▶ Task statement
An exact transcription of all the data is required, with every image removed.

▶ Information shown
'''
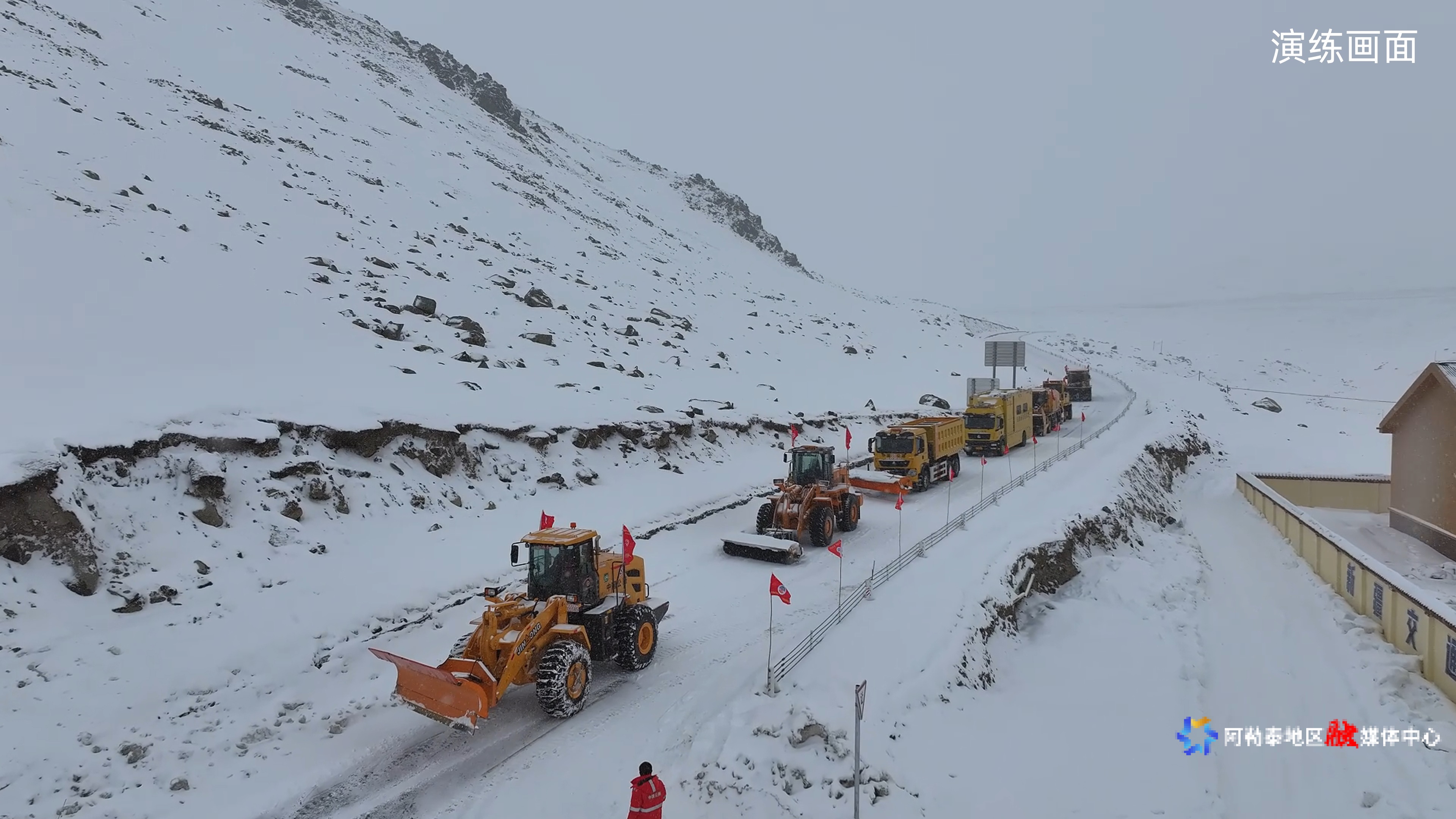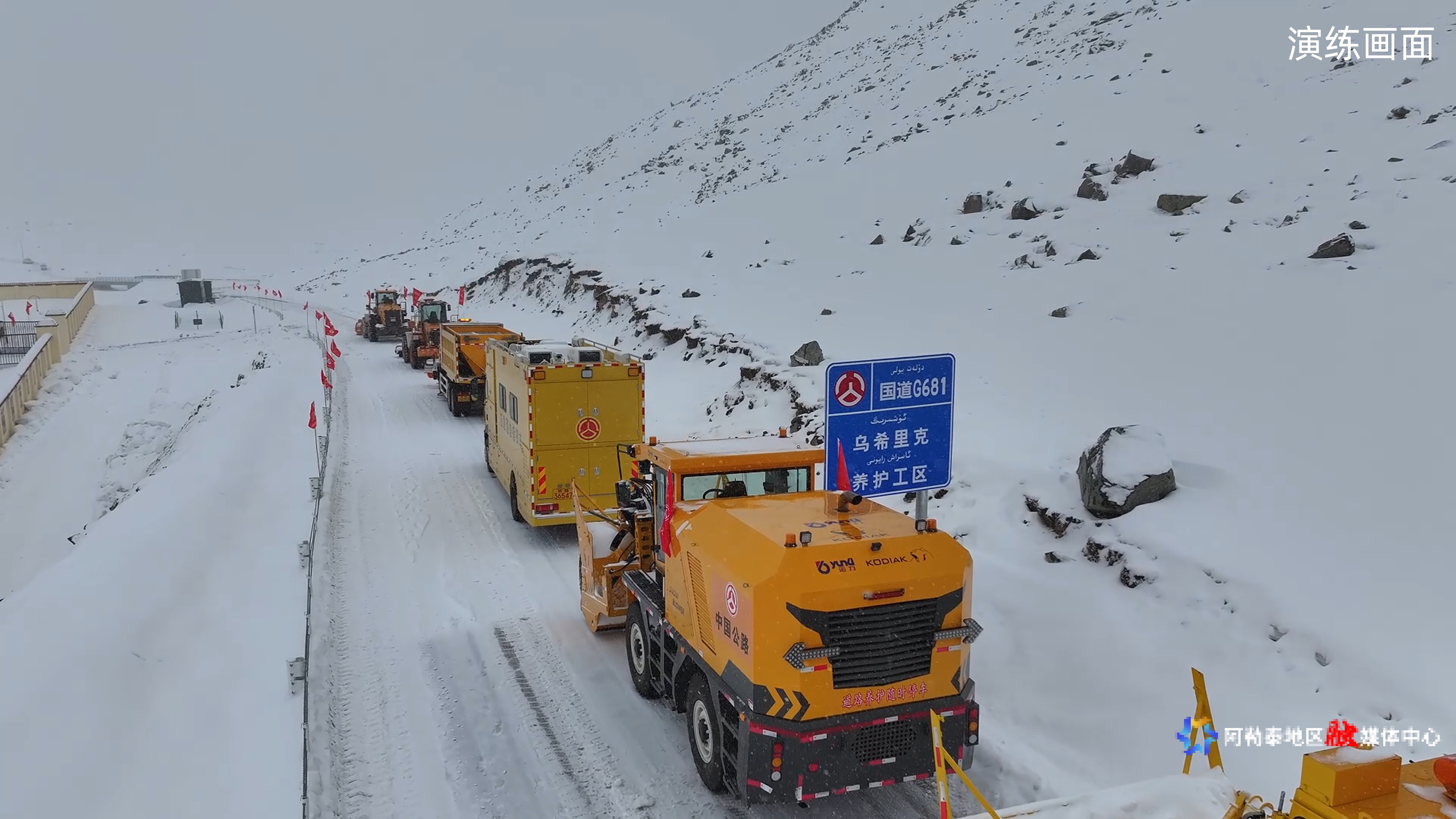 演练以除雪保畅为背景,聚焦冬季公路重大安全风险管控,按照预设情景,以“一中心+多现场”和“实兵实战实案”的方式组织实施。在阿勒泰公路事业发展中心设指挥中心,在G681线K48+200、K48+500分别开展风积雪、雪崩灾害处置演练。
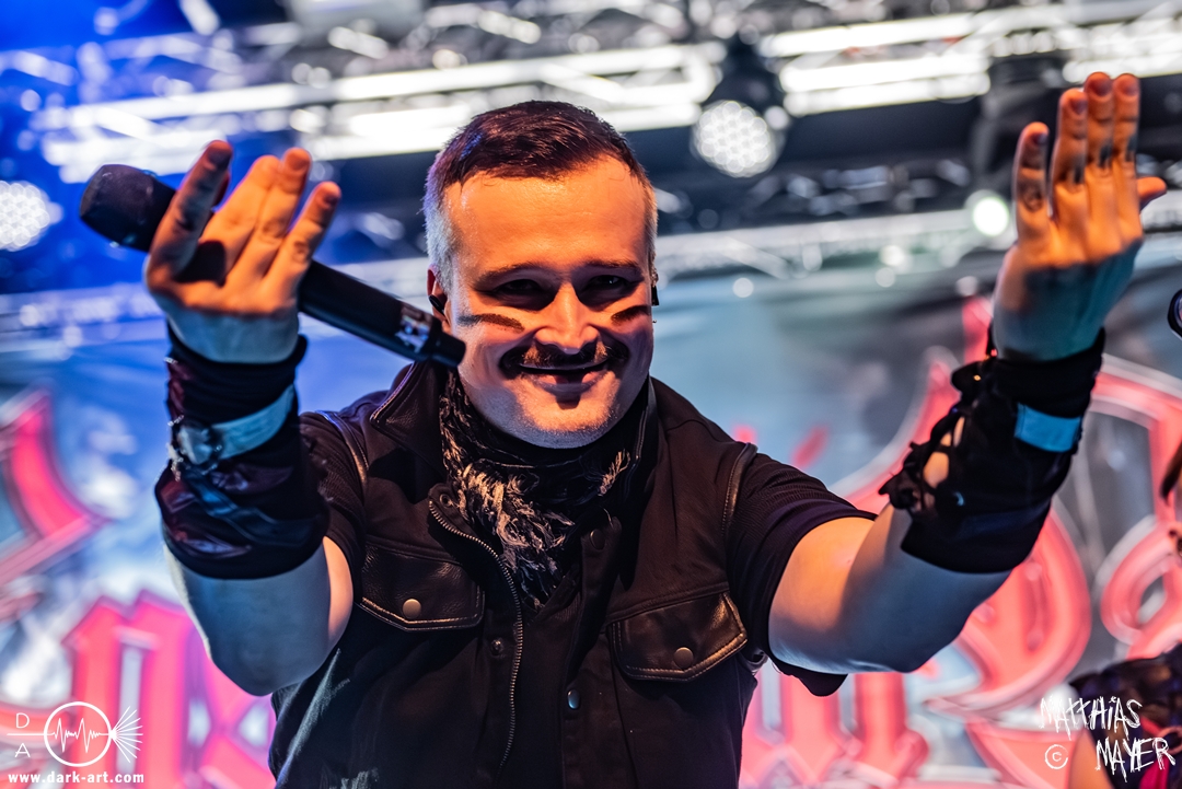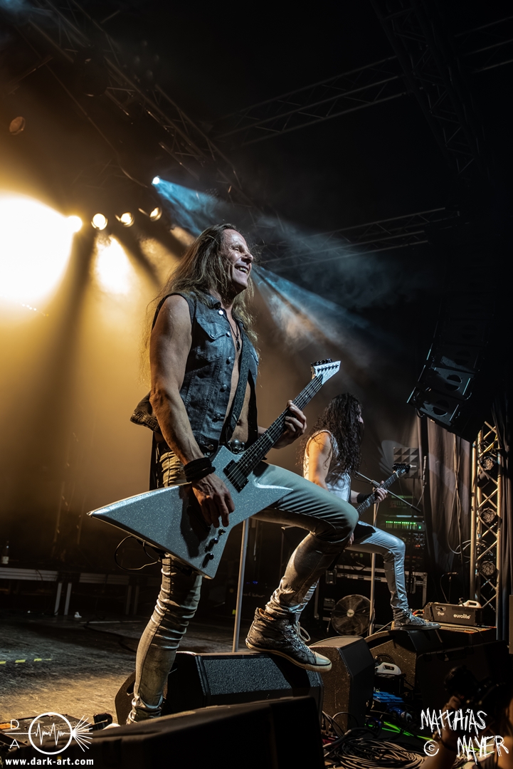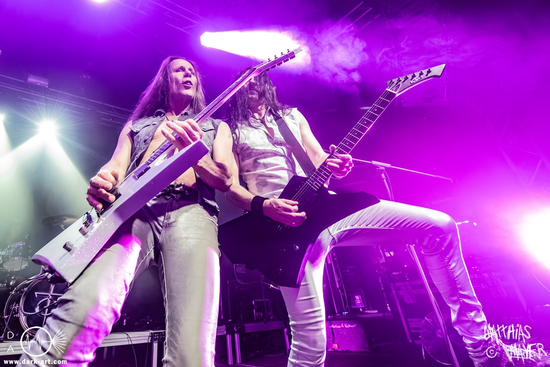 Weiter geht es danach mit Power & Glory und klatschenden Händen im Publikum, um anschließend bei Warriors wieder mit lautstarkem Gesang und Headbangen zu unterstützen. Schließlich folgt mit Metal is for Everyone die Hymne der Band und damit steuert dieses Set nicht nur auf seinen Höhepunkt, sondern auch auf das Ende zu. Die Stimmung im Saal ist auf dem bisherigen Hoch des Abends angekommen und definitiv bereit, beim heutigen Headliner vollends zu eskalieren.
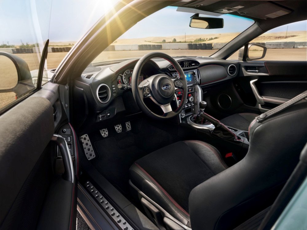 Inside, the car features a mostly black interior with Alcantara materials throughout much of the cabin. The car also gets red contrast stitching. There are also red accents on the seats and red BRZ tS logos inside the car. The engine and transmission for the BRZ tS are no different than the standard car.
'''
▶ Solution
 演练以除雪保畅为背景,聚焦冬季公路重大安全风险管控,按照预设情景,以“一中心+多现场”和“实兵实战实案”的方式组织实施。在阿勒泰公路事业发展中心设指挥中心,在G681线K48+200、K48+500分别开展风积雪、雪崩灾害处置演练。
 Weiter geht es danach mit Power & Glory und klatschenden Händen im Publikum, um anschließend bei Warriors wieder mit lautstarkem Gesang und Headbangen zu unterstützen. Schließlich folgt mit Metal is for Everyone die Hymne der Band und damit steuert dieses Set nicht nur auf seinen Höhepunkt, sondern auch auf das Ende zu. Die Stimmung im Saal ist auf dem bisherigen Hoch des Abends angekommen und definitiv bereit, beim heutigen Headliner vollends zu eskalieren.
 Inside, the car features a mostly black interior with Alcantara materials throughout much of the cabin. The car also gets red contrast stitching. There are also red accents on the seats and red BRZ tS logos inside the car. The engine and transmission for the BRZ tS are no different than the standard car.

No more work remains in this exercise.